Why is Syndros such a dud? It's possible that Insys' bad rap with Subsys has translated into a poor public and physician response to the drug. Another possibility is that in an effort to minimize its losses, Insys hasn't devoted nearly enough capital to properly market Syndros to new patients and physicians. And finally, it may just be that patients and physicians prefer time-tested medicines for CINV and anorexia associated with AIDS rather than a synthetic form of THC. Whatever the reason, Syndros looks to be a complete flop for Insys Therapeutics.

A fire engulfing a hundred-dollar bill from the inside out.

Image source: Getty Images.

What's next for Insys? Probably a lot of red...

So where does that leave the company, you ask? While it does have $113 million in cash and cash equivalents and no outstanding debt, it's on track to continue losing a lot of money. Selling Subsys could help stem the bleeding a bit, but Insys is otherwise looking at a regular quarterly outflow from its coffers.

It also has a number of cannabidiol (CBD)-based therapies in its pipeline, including a mid-stage treatment for Prader-Willi syndrome. Then again, we've already seen that these treatments aren't a sure thing to succeed once they reach pharmacy shelves.

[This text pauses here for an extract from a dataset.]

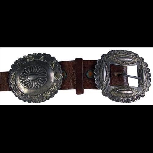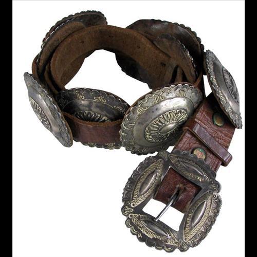 Navajo Concho Belt, 9 Silver Conchos plus Buckle, 36" belt length, 2 1/4" concho length, Provenance: From the Estate of Charles Ragland Bunnell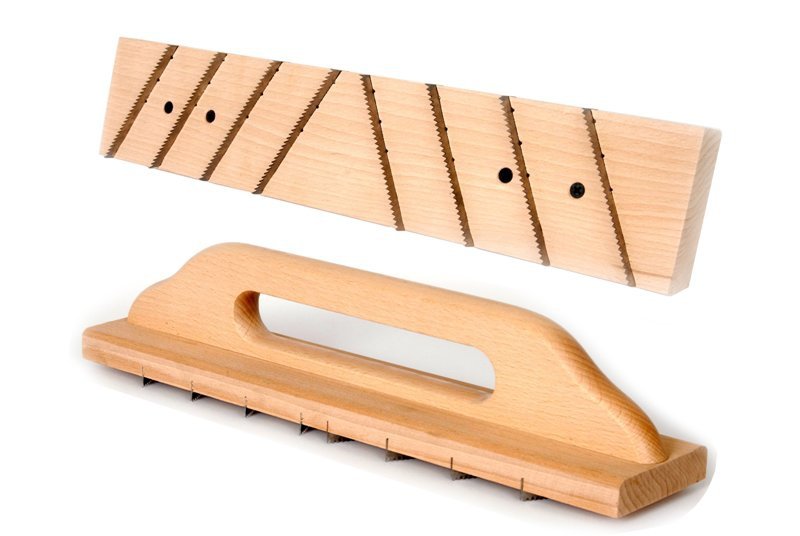 Рубанок по газобетону предназначен для выравнивания газосиликатных блоков при строительстве. Конструкция рубанка представляет собой деревянный корпус с рукоятью и установленными десятью стальными ножами из инструментальной стали. Для более качественной обработки поверхности ножи установлены под углом 30 градусов по отношению к перпендикуляру рабочей плоскости рубанка.

Ultimately, Insys is now just a shell of its former self. Its premier cancer pain-fighting drug is broken, Syndros is a dud, and, as the icing on the cake, its experimental opioid spray known as Buvaya received a Complete Response Letter (basically a rejection, unless certain requests are met) in July, because its risks outweighed its rewards.

Suffice it to say, this marijuana stock can be safely expelled from portfolios without so much as an afterthought.